:: GIVEN RECORDS

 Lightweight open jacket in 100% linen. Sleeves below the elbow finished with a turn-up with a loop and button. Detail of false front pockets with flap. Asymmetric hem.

::::
:: GIVEN RECORDS

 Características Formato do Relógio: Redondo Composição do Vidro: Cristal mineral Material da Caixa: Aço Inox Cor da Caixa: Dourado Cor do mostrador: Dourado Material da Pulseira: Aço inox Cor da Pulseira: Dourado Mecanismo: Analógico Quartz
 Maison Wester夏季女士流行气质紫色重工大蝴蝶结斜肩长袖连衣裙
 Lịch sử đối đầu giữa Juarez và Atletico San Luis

::::
:: GIVEN RECORDS

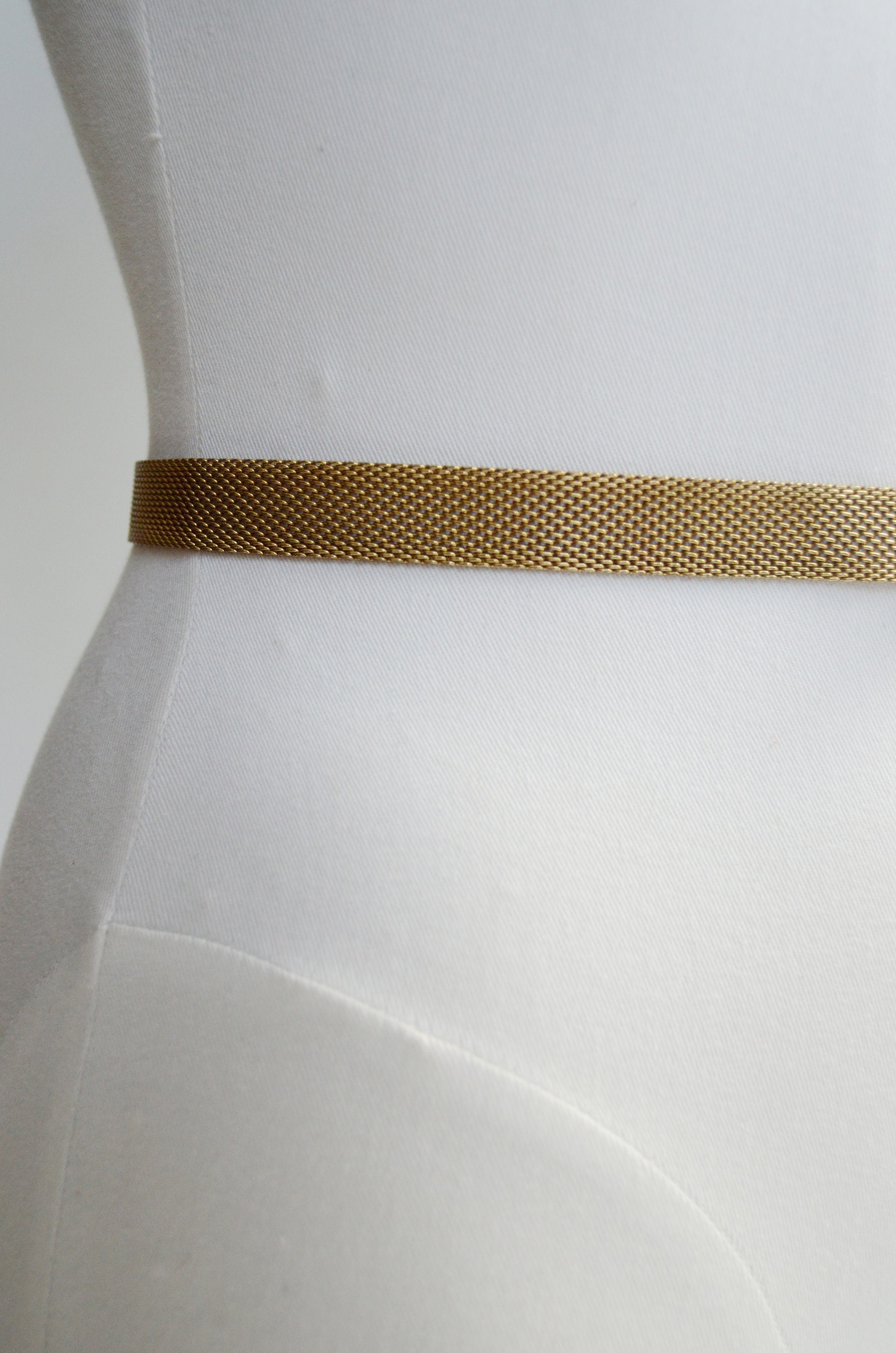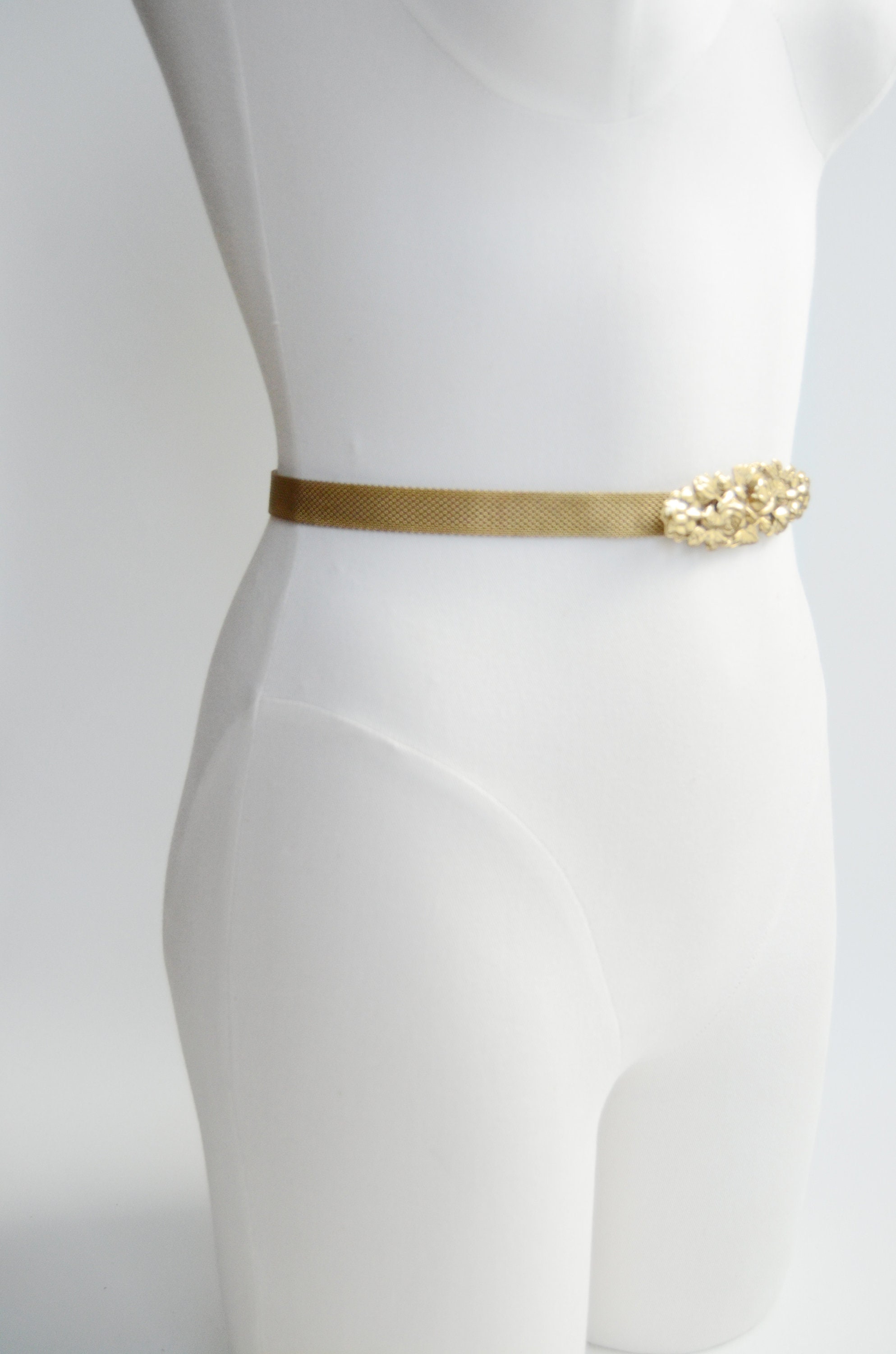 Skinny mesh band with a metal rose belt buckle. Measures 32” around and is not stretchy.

::::

# WHAT THE TASK REQUIRES
All lines above from the one containing "Características Formato do" to the one containing "Lịch sử đối" must be repeated exactly, both lines included, and no others.

# WRITTEN RESPONSE
 Características Formato do Relógio: Redondo Composição do Vidro: Cristal mineral Material da Caixa: Aço Inox Cor da Caixa: Dourado Cor do mostrador: Dourado Material da Pulseira: Aço inox Cor da Pulseira: Dourado Mecanismo: Analógico Quartz
 Maison Wester夏季女士流行气质紫色重工大蝴蝶结斜肩长袖连衣裙
 Lịch sử đối đầu giữa Juarez và Atletico San Luis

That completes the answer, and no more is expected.